#### [Work task]
Shown below are entries with pictures; the line with "Сухозаряженный Аккумулятор мото" through the line with "为深入推进学校产教融合,进一" is the span to retype exactly, and the pictures stay out.
━━━ Records
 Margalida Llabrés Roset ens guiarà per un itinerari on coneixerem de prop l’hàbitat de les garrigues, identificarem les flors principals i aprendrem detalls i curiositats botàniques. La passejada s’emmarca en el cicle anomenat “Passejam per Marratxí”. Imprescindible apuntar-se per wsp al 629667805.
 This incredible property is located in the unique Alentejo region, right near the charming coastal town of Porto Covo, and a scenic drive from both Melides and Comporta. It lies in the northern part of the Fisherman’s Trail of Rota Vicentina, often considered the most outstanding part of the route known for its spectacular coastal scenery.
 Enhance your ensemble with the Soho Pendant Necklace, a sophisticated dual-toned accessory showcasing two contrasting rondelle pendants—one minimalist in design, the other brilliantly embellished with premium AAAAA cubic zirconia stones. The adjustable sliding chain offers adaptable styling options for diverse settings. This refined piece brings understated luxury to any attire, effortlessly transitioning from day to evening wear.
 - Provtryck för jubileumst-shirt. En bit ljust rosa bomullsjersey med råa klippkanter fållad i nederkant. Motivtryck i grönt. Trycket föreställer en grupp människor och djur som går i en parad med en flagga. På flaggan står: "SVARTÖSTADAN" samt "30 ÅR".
━━━━━━
━━━ Records
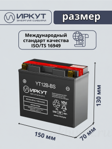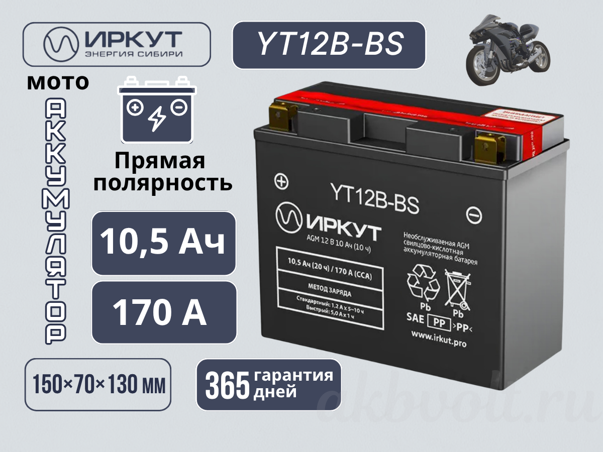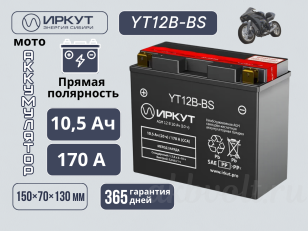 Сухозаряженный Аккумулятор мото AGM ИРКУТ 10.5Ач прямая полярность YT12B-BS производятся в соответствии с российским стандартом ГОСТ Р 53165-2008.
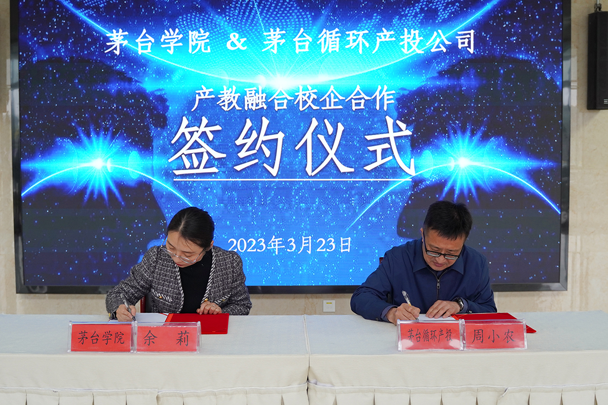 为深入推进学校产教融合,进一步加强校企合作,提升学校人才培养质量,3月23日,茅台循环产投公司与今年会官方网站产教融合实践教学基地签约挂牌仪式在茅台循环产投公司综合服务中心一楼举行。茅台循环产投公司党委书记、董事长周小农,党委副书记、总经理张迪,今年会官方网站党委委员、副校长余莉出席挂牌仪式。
━━━━━━
#### [Solution to the exercise]
 Сухозаряженный Аккумулятор мото AGM ИРКУТ 10.5Ач прямая полярность YT12B-BS производятся в соответствии с российским стандартом ГОСТ Р 53165-2008.
 为深入推进学校产教融合,进一步加强校企合作,提升学校人才培养质量,3月23日,茅台循环产投公司与今年会官方网站产教融合实践教学基地签约挂牌仪式在茅台循环产投公司综合服务中心一楼举行。茅台循环产投公司党委书记、董事长周小农,党委副书记、总经理张迪,今年会官方网站党委委员、副校长余莉出席挂牌仪式。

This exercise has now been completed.